### Data excerpt:

——

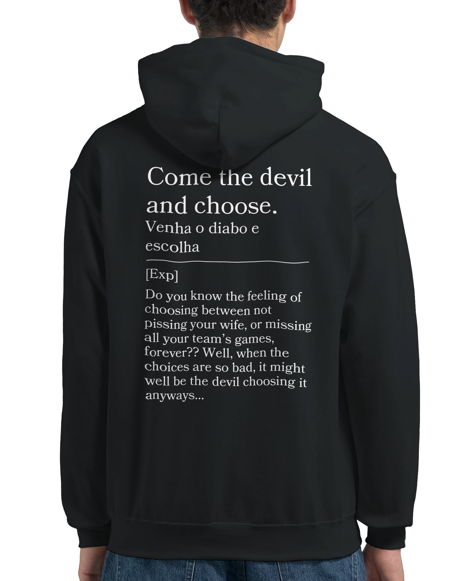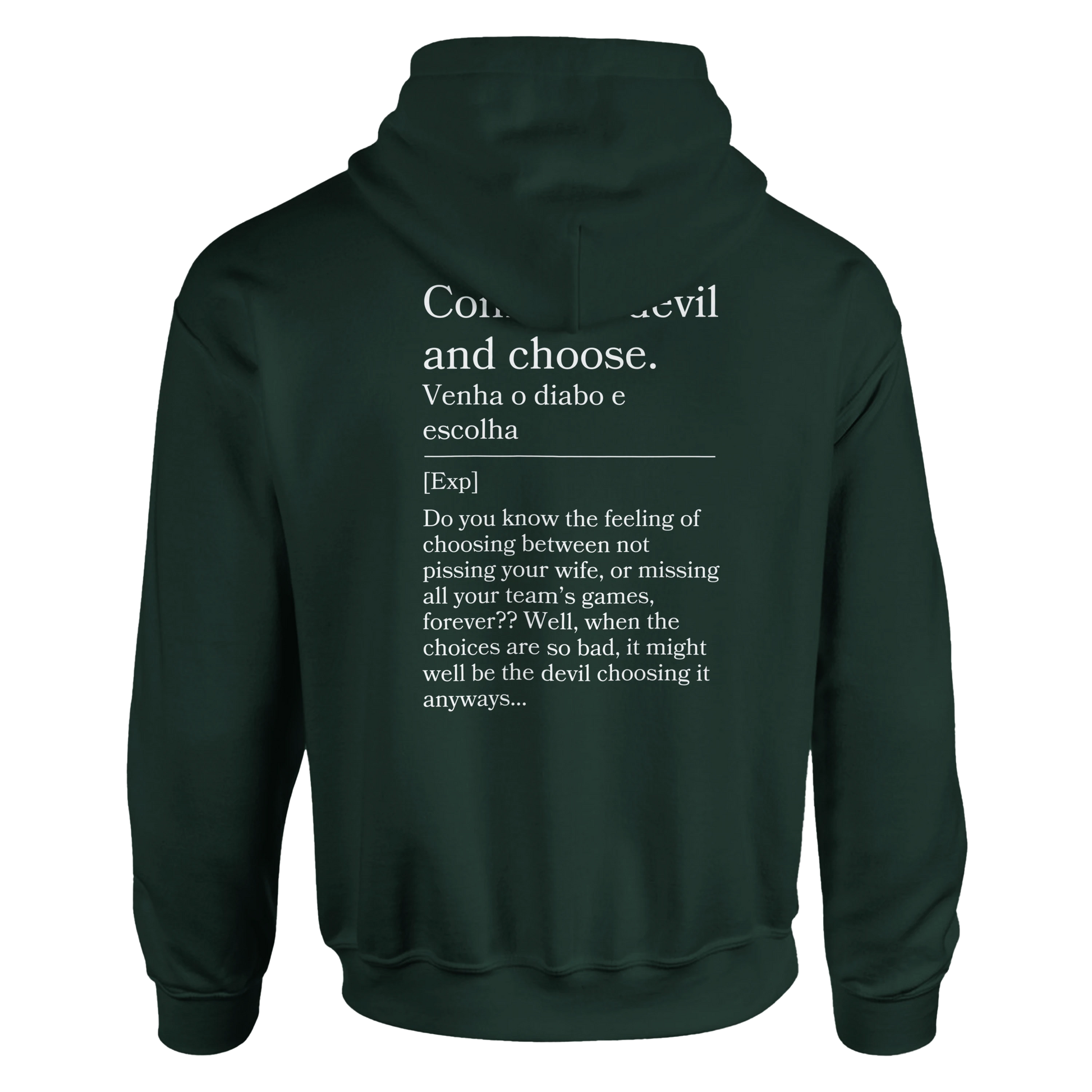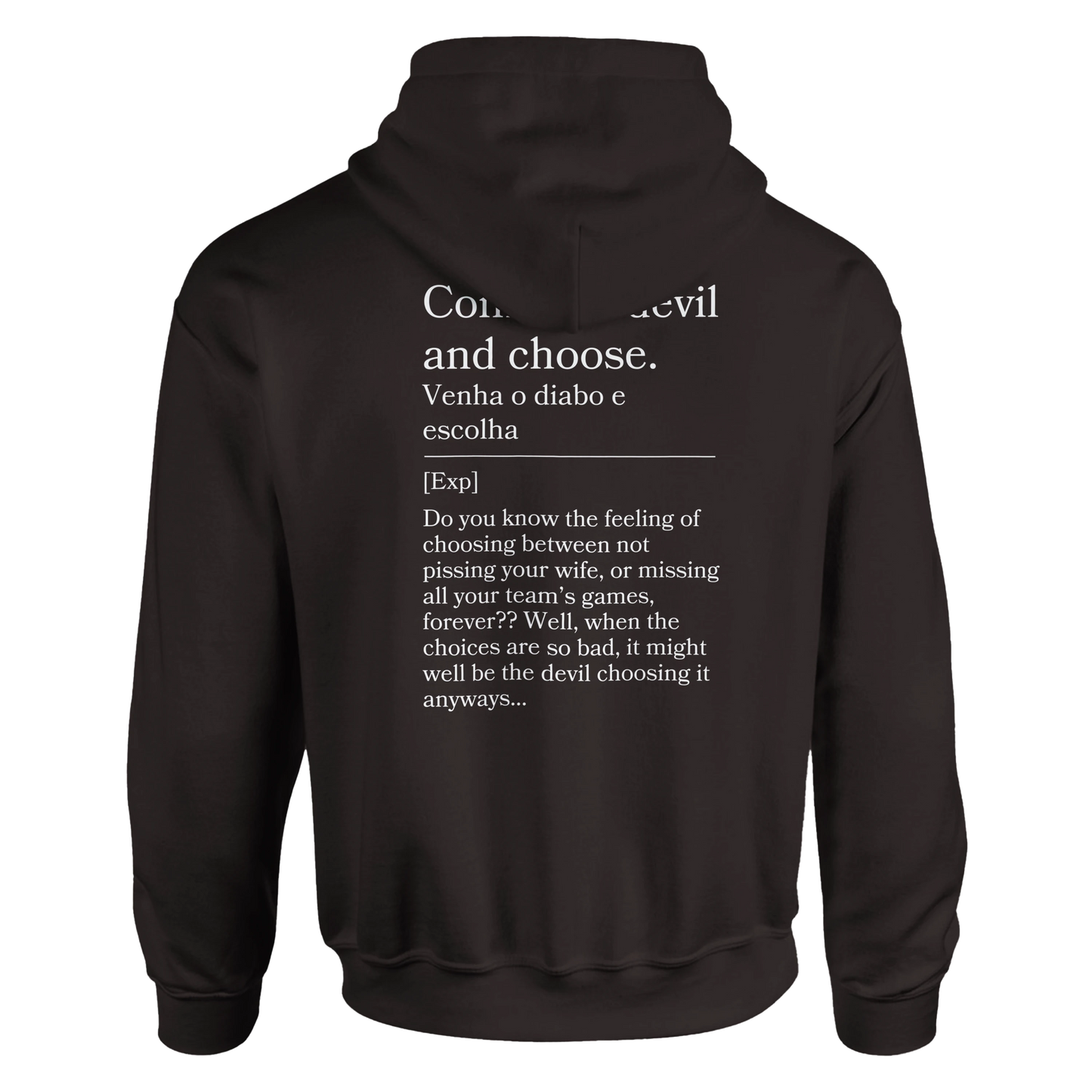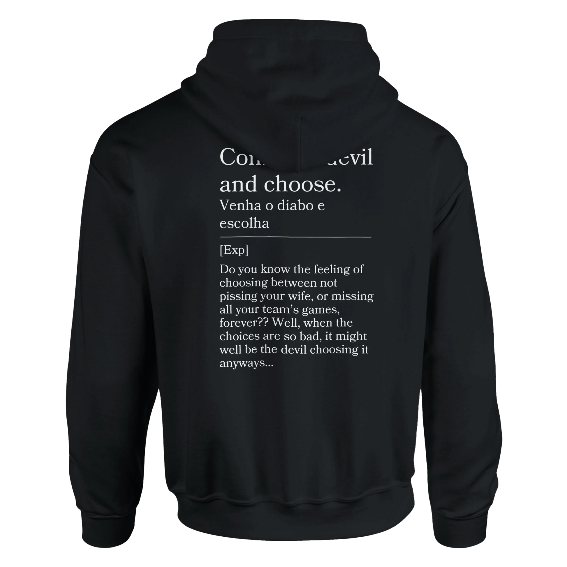 Tough choices? This hoodie reads “Venha o diabo e escolha” with back: “Either way, it sucks.” For those no-win situations, this hoodie is your blunt anthem.
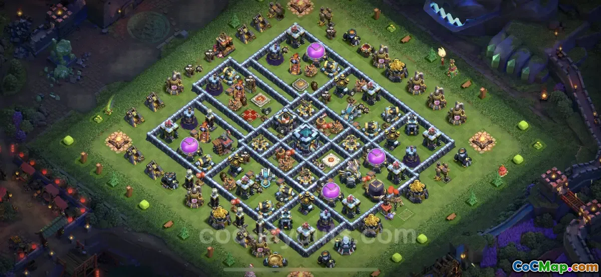 The Town Hall Level 13 base design features a robust layout specifically engineered to counter various attack strategies in Clash of Clans. This structure is known for its anti-dragon capabilities, making it an ideal choice for players who frequently encounter air-based attacks, particularly those utilizing Electro Dragons. By strategically placing defensive buildings and traps, this base minimizes the effectiveness of aerial assaults, providing a strong defense against attackers aiming to dominate from the skies.
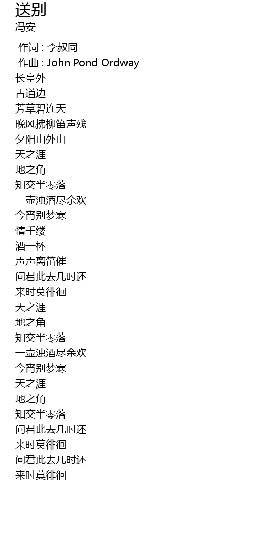| [00:00.000] | 作词 : 李叔同 |

——

### What is expected:
Reproduce the listing word for word, but keep the pictures out of it.

### Exercise response:
 Tough choices? This hoodie reads “Venha o diabo e escolha” with back: “Either way, it sucks.” For those no-win situations, this hoodie is your blunt anthem.
 The Town Hall Level 13 base design features a robust layout specifically engineered to counter various attack strategies in Clash of Clans. This structure is known for its anti-dragon capabilities, making it an ideal choice for players who frequently encounter air-based attacks, particularly those utilizing Electro Dragons. By strategically placing defensive buildings and traps, this base minimizes the effectiveness of aerial assaults, providing a strong defense against attackers aiming to dominate from the skies.
| [00:00.000] | 作词 : 李叔同 |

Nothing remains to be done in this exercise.